Чем-чем, а мужеством Джордж обладал в полной мере. Это качество вошло в его кровь и плоть; и, очутившись в обстоятельствах, которые кому-нибудь другому, особенно тому, кто не был воспитан в духе наследственных традиций, могли бы показаться отчаянными, он не проявил ни малейшего признака беспокойства или уныния. Размышляя над своими затруднениями, он исходил из некоторых принципов: во-первых, нельзя было не заплатить долга чести; уж лучше пойти к ростовщикам, хотя они и сдерут с тебя три шкуры (занять у них он мог только под наследственное поместье), во-вторых, он не побоится доставить на свою лошадь все до последнего пенса; и, в-третьих, зачем думать о будущем, если и настоящее довольно скверно.
Вагон прыгал и качался, как будто плясал под музыку, а Джордж сидел невозмутимо в своем углу.
Среди пассажиров находился высокородный Джефри Уинлоу, который хотя и не был завсегдатаем скачек, но питал благожелательный интерес к английским скакунам и надеялся своими посещениями наиболее значительных состязаний оказать услугу этим благородным животным.

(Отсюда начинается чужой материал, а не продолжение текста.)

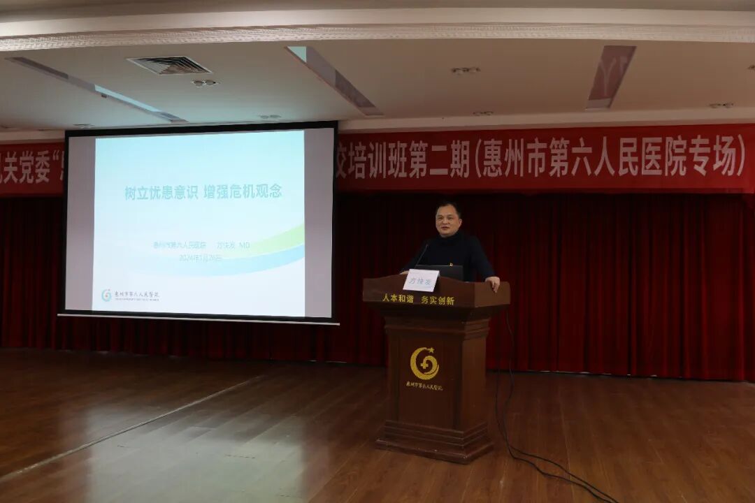 按照區委組織部、區直工委有關“思想鑄黨魂、學(xué)習增鬥志”黨員進(jìn)黨校三年培訓工作的部署要求,1月26日下午,區衛生健康局機關黨委在惠州六院多功能(néng)廳舉辦2024年第二期“思想鑄黨魂、學(xué)習增鬥志”黨員進(jìn)黨校培訓班(惠州六院專場)。培訓班邀請惠陽區抗疫先鋒宣講隊員,惠州六院黨委委員、副院長(cháng),醫學(xué)博士方快發(fā)作專題授課,醫院218名黨員參加了培訓。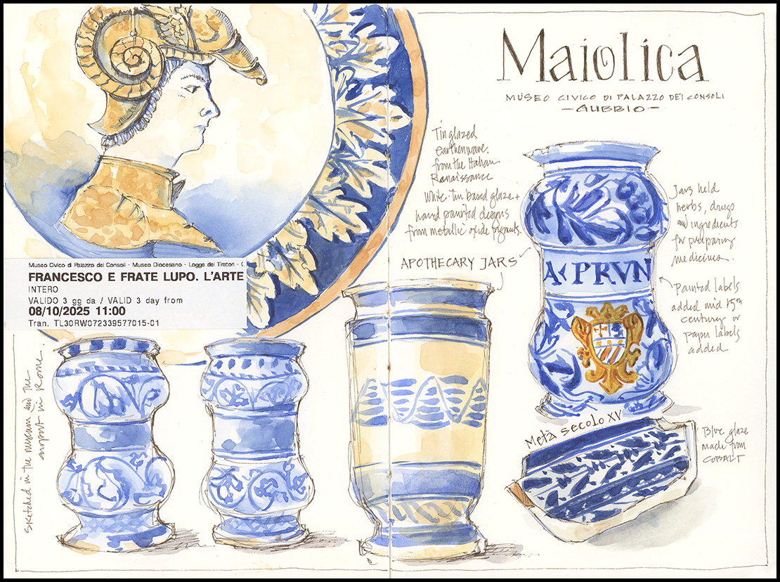 I had an exceptional week teaching in the Italian countryside in Umbria with Winslow Art Center, and I couldn’t have asked for a more enthusiastic group of participants. There is a quote that I shared with them from Italian painter Cennino Cennini (c.1360 to 1427), “Now then, you of noble mind, who love this profession, come at once to art and accept these precepts: enthusiasm, reverence, obedience, and perseverance.” Obedience aside, it exemplified the way in which they approached the lessons and techniques I shared throughout the week. As you can see, we tackled a number of subjects and came away with sketchbooks filled with an extraordinary experience.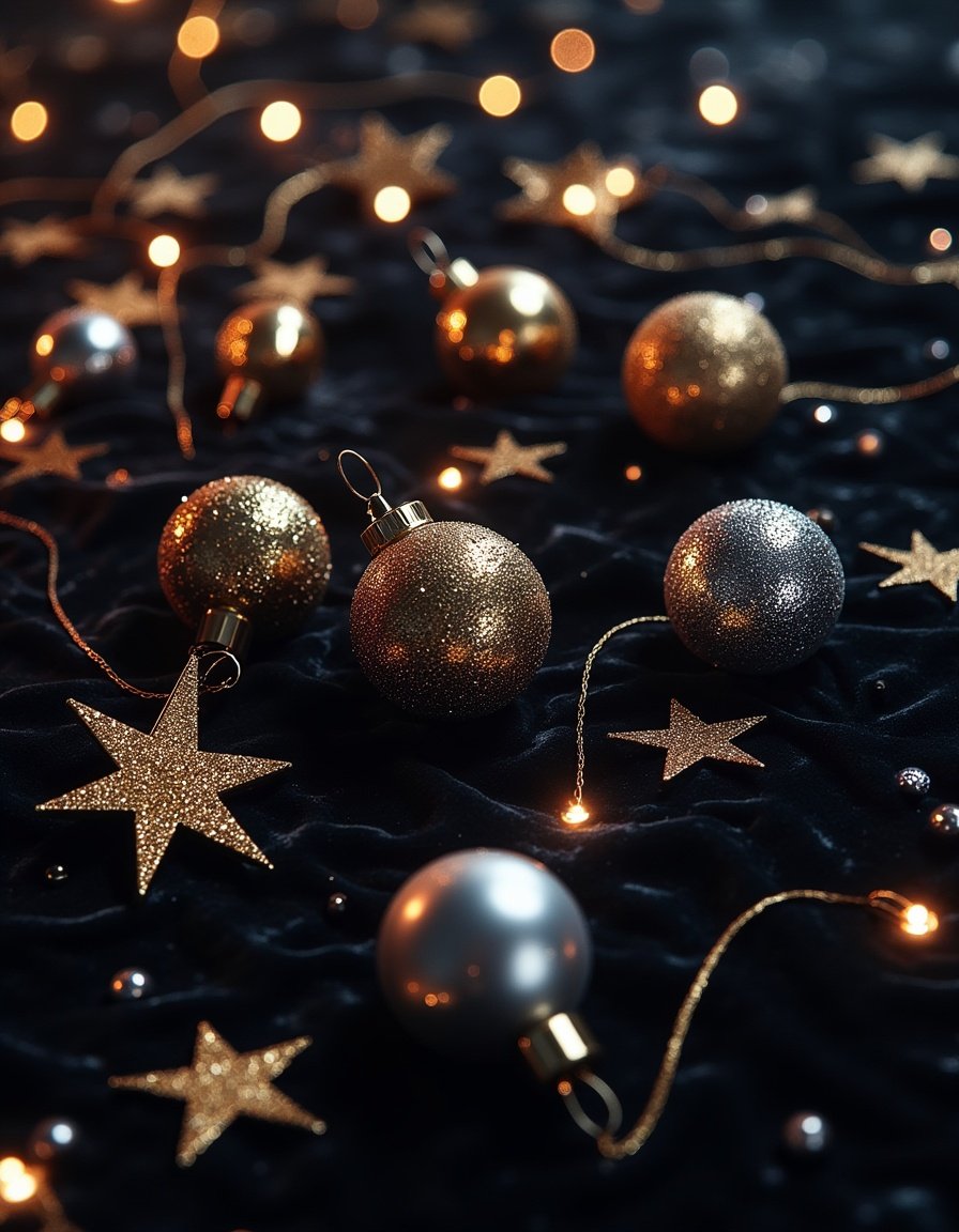 A dark, velvet surface is scattered with gold and silver Christmas ornaments, small stars, and string lights.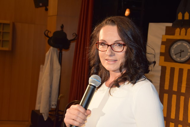 Direktorin Sabine Nöhrer freute sich, die vielen Gäste, unter anderen Bürgermeister Marcus Martschitsch und Vizebgm Herwig Matejka, in der ausverkauften Hartberghalle begrüßen zu dürfen.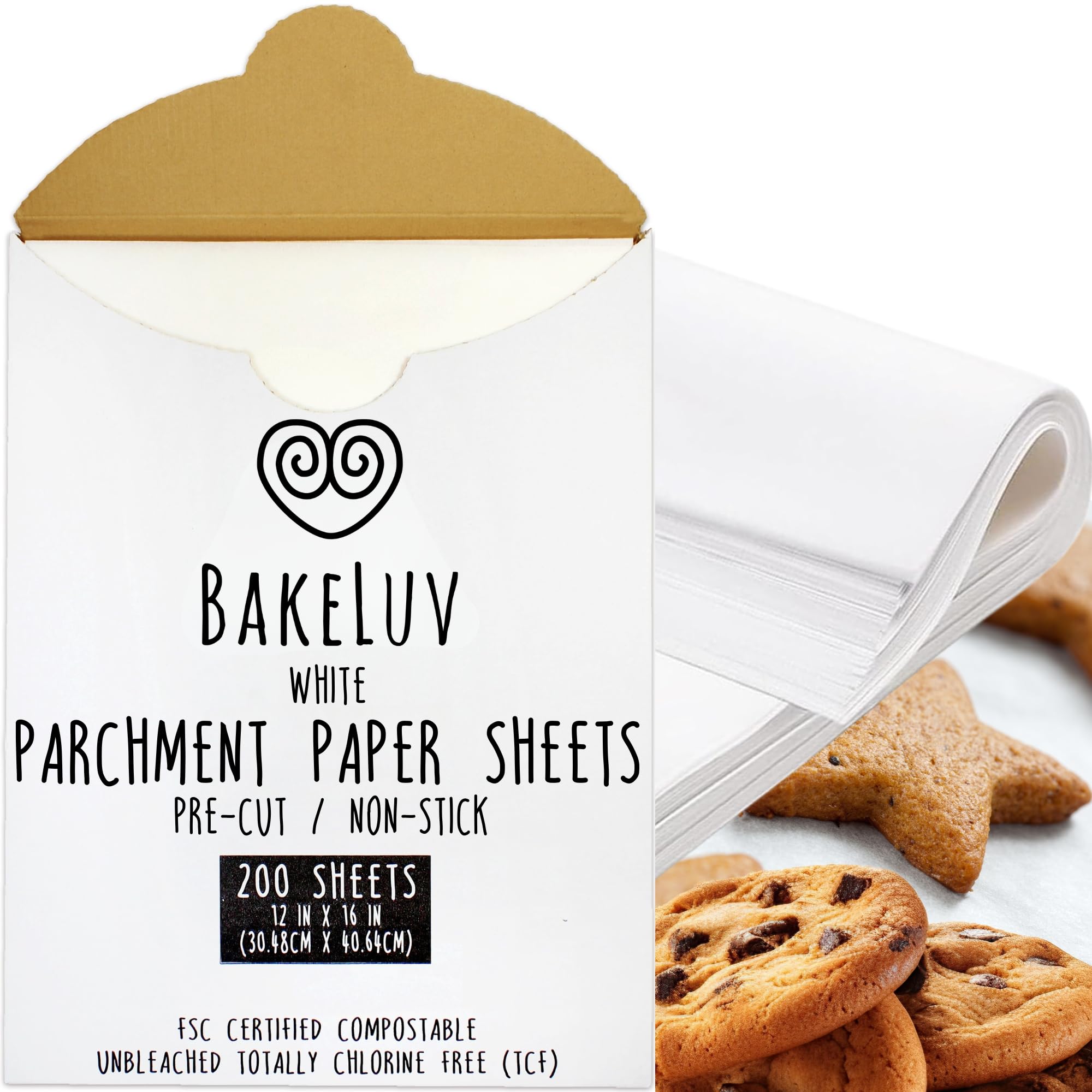 BAKELUV White Parchment Paper Sheets 12x16” | 200 Pcs | Non-Stick Precut Parchment Paper for Baking Sheets, Baking Paper, Unbleached Cookie Sheets,

— Ваш жеребец участвует, Джордж?
Джордж кивнул.
— Я поставлю на него пять фунтов на счастье. Вообще-то игра мне не по карману. На той неделе я видел вашу матушку в Фоксхолме. Давно не были у своих?
Джордж кивнул и вдруг почувствовал, как защемило сердце.
— Вы слышали, что на ферме Пикока был пожар? Говорят, сквайр с Бартером творили прямо-таки чудеса. Мистер Пендайс еще молодец, хоть куда!
Джордж снова кивнул и снова ощутил ту же щемящую боль в сердце.
— Они собираются в Лондон в этом сезоне?
— Не знаю, — ответил Джордж. — Хотите сигару?
Уинлоу взял сигару и, обрезав кончик перочинным ножичком, вперил свой ленивый взгляд в квадратное лицо Джорджа. Надо было быть хорошим физиономистом, чтобы что-нибудь прочесть под этой маской непроницаемости. Уинлоу подумал: «Не буду удивлен, если то, что говорят о Джордже, правда…»
— Все пока идет удачно?
— Так себе.
Они расстались на ипподроме. Джордж сперва повидал тренера, потом направился прямо к букмекерам. Держа в голове свое уравнение с х, он нашел двух скромно одетых джентльменов. Один из них делал золотым карандашом какие-то пометки в книжечке. Они приветствовали его почтительно: это им он был должен львиную долю из тех тысячи семисот девяноста пяти фунтов.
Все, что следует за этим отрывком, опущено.